Some politicians occupy offices, while others occupy conversations. The difference matters.
Years after leaving office as governor, and despite not currently holding any major federal position, Peter Obi remains one of the most discussed names in Nigerian politics. Supporters talk about him passionately. Critics mention him constantly, and politicians reference him even when they are trying not to. At times, it almost feels as though an entire section of Nigeria’s political class is still responding to the shockwave of his emergence.
And that raises an important question: Why does Peter Obi trigger such strong emotions?
The answer is not as simple as love or hate; it is deeper than party loyalty. What surrounds Peter Obi is tied to frustration, class consciousness, generational anger, economic hardship, and the growing desire among many Nigerians to believe that leadership can look different from what they have always known.
The 2023 elections changed something in Nigeria.
For years, many young Nigerians were politically detached. Some stopped believing their votes mattered while others saw politics as a dirty game reserved for powerful godfathers, wealthy elites, and political dynasties. Then suddenly, a politician appeared who spoke less like a traditional strongman and more like a manager discussing numbers, budgets, production, and accountability.
To some Nigerians, especially young people, that felt refreshing, but to others, it felt threatening.
This is one of the reasons Peter Obi continues to attract intense criticism. Political systems often resist people who disrupt familiar patterns. Whether one agrees with him or not, Peter Obi disrupted the rhythm of Nigerian politics. He forced conversations around governance, public spending, debt, accountability, and leadership competence into everyday discussions.

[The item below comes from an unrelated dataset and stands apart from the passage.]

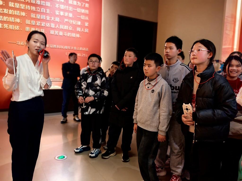 活动“寻根篇”中,学生们对照课本图片,走进延安革命纪念馆。馆内陈列大量珍贵革命文物和历史照片,从简陋的武器装备到泛黄的文件手稿,每一件展品都诉说着烽火连天的岁月。学生们驻足凝视,仔细聆听讲解员介绍,仿佛穿越回激情燃烧的年代,深刻感受到革命先辈的坚定信仰与无私奉献。

Markets, barber shops, churches, university hostels, and social media spaces became political classrooms overnight.
That kind of influence does not go unnoticed. People rarely spend this much energy attacking someone they believe is irrelevant.
Part of the tension surrounding Peter Obi also comes from what he represents to many of his supporters. For some, he is not merely a politician, but a symbol of possibility. In difficult economies, symbols become powerful. When people are tired, angry, unemployed, or struggling to survive, they naturally gravitate toward figures who appear disciplined, accessible, or different from the establishment they blame for their suffering.
But symbolism is dangerous territory. Once a politician becomes a symbol, criticism against that person can start to feel personal to supporters. At the same time, opponents may begin to see the politician not merely as a candidate, but as a movement capable of reshaping existing power structures. This often creates aggressive political battles that go beyond policies and enter emotion, identity, and fear.
Nigeria also has another layer that complicates everything: tribalism.
Many political conversations in the country are rarely just about competence. Ethnicity, religion, region, and historical suspicion often shape how politicians are viewed. This reality affects nearly every major political figure in Nigeria, including Peter Obi. Some support him because they genuinely believe in his ideas, some oppose him for ideological reasons, and others react based on ethnic loyalties, political alliances, misinformation, or fear of losing influence.
Social media has intensified all of this.
Nigeria’s online political culture is deeply emotional: supporters defend politicians like football clubs while opponents attack relentlessly. Rumours spread faster than facts, clips are edited for outrage, and every statement becomes ammunition. In that environment, Peter Obi became more than a politician; he became content, controversy, debate, and daily discourse.
And perhaps that is why politicians still mention him frequently. Influence is not measured only by office. Sometimes influence is measured by attention, relevance, and the ability to shape conversations even outside power.
Still, there is another side Nigerians must be careful about. No politician should become a messiah.
History has shown repeatedly that citizens must remain thoughtful, critical, and demanding regardless of who is in power or who promises change. Admiration should never replace accountability. Hope is important, but blind loyalty can become dangerous in any democracy.
Peter Obi is human. Like every politician, he has strengths, weaknesses, supporters, contradictions, and critics. Some criticisms against him are fair; others are exaggerated. Some attacks are political strategies, others come from genuine disagreement. That is the nature of democracy.
But one thing is difficult to deny: he changed the political conversation in Nigeria.
Even those who dislike him are often forced to respond to him. And in politics, that alone says something significant.
Perhaps the real reason Peter Obi continues to provoke strong reactions is because he arrived at a moment when many Nigerians were emotionally exhausted with the system they knew. To some people, he represented hope, to others, disruption and to others still, uncertainty.
And people tend to react strongly to anything capable of changing the direction of a familiar story.